# Aiming sight pin add-on for torque/scout



## urbanme (Nov 25, 2020)

Relatively new to slingshots and have been trying all sorts of different things. At 33' I have my axiom with 6.5" active band length TTF my target sets up really nicely on the frame dimple and I have great success.

with my Torque and Scout setup with OTT with same active band length and same anchor point, I have to put the frame tip about 4" below the bull which changes my ability to take dead aim.

I have created my own home made "sight pin" with a piece of wire in the band mounting system but it got me to wondering if there is a product sold after market that would be better (like some I've seen on GSK models) or, do I need to work on adjusting my anchor point to compensate. Any and all advice to this newbie question welcome!


----------



## SLINGDUDE (Aug 15, 2018)

I do not know of any aftermarket sights for simpleshot slingshots but that's not to say they don't exist.
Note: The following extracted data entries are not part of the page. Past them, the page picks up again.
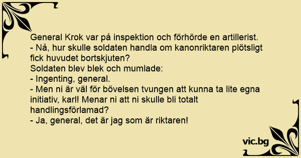 - Nå, hur skulle soldaten handla om kanonriktaren plötsligt fiск huvudet bortskjuten?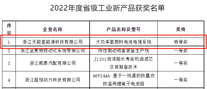 近日,浙江省长兴县经济和信息化局公示了2022年度省级工业新产品获奖名单,由浙江jcjc5500公海氢能源科技有限公司研发生产的大功率氢燃料电池电堆系统获得全县唯一省级特等奖。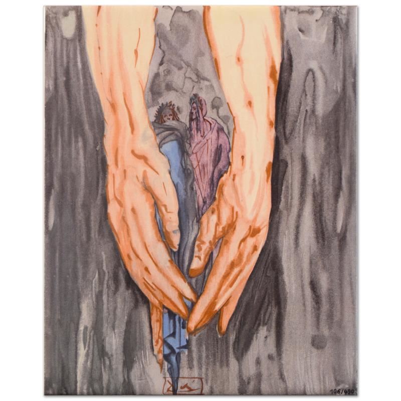 "Mount of Geryon Inferno Canto" is a limited edition glazed ceramic tile from a SOLD OUT edition by Salvador Dali (1904-1989), numbered and plate signed! This piece illustrates Dali's interpretation of canto 18 of "The Inferno", from the epic poem "The Divine Comedy". Measures approx. 8" x 10" (tile).
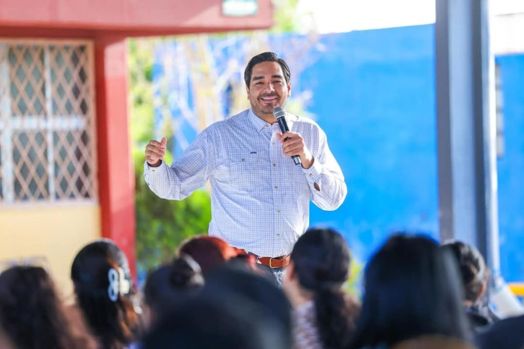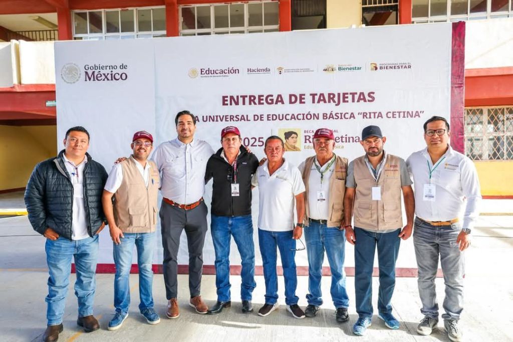 «Esta Beca es universal, para todos, sin diferencia, para que la educación sea un verdadero derecho para todos los mexicanos», dijo el Alcalde acompañado por el Director de la escuela, Marco Aurelio Alejandro Ríos.

Bring your anchor point down to raise the point of impact would be my suggestion. Adapting to different frames and different styles is half the fun, in my opinion.


----------



## Reed Lukens (Aug 16, 2020)

It will fall in place soon enough. Different fork widths will shoot better at different distances, the narrower the forks, the greater the distance from the same anchor with the same band set ups. You can adjust your anchor point, use a sight, or just really practice with the slingshot that's not hitting on target and then instinct cuts in and you can't miss 

I shot instinctive with my wrist rocket for years, picked up a slingshot and it was a different style. I changed my anchor point at first because that's what people recommended, but that destroyed my accuracy with my wrist rocket that I had been shooting dead on with since I was a kid. I got rid of all of the sights, went back to my normal earlobe anchor for everything and soon enough everything fell into place. I like the wide forks because that's what I've shot for years, but narrower forks are much better for me at longer distances. My Axiom is right on at 10m - 20m, my scout is better for 20-30m, then the LBS rocks at 20 to 40m


----------



## urbanme (Nov 25, 2020)

Reed - thanks for the point about fork widths as that totally makes sense and I never considered that!
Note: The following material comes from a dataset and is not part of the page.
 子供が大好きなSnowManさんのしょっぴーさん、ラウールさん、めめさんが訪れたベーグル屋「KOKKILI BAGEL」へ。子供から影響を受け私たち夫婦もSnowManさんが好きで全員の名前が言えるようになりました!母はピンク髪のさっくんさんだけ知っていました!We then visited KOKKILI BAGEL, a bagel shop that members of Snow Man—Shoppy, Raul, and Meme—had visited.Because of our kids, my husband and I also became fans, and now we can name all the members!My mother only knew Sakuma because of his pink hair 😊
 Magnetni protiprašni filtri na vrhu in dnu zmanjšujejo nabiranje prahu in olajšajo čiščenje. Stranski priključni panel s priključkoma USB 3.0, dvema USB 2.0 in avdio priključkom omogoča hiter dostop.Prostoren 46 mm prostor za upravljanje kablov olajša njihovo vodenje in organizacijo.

I agree that every week that goes by with practice and shooting a lot of paper, things are getting much better and I am learning more and more as I try to build up consistency.


----------



## Tobor8Man (Nov 19, 2020)

Urbanme - same issue w/ many of my slingshots - they shoot about 4" high. I agree that aiming 4" below the bull leaves w/ accuracy. I have thought about a sight pin. Can you post a photo of the one you designed?

I find that it helps to be very consistent w/ my posture, holding my drawing elbow as high as I can when I am at full draw, and staying focused on the aim point until after the ammo hits.

Thanks!


----------



## urbanme (Nov 25, 2020)

Shooter and target side images so you can see how I use the torque flipclip attachment to hold it in place. If I had a red sharpie I would probably use that to color the tip of the wire instead of black but the color contrast helps enough


----------



## vince4242 (Jan 11, 2016)

That is a very elegant solution for an Aiming point. The only problem is it might get finicky if you bump it.
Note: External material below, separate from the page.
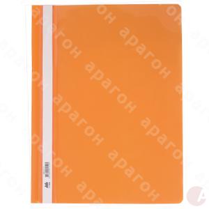Папка-скоросшиватель без перфорации пластиковая. Формат – А4. Прозрачный верх. Сменный индекс. Толщина обложки – 120/160 мкм. Цвет - оранжевый.

I honestly found the same problem of fork with differences and my Anchor Point. My solution was to get an adjustable Fork tip slingshot. I was able to dial it in to my exact Fork width for 15 meters closer. I am not yet at a place where I can even play around with more than 15 meters from my Spinners but when I do I will be able to adjust in that fork tip when get that dialed in to the Right Fork width for different distances. The D1 is it for me!


----------



## Reed Lukens (Aug 16, 2020)

vince4242 said:


> That is a very elegant solution for an Aiming point. The only problem is it might get finicky if you bump it.
> I honestly found the same problem of fork with differences and my Anchor Point. My solution was to get an adjustable Fork tip slingshot. I was able to dial it in to my exact Fork width for 15 meters closer. I am not yet at a place where I can even play around with more than 15 meters from my Spinners but when I do I will be able to adjust in that fork tip when get that dialed in to the Right Fork width for different distances. The D1 is it for me!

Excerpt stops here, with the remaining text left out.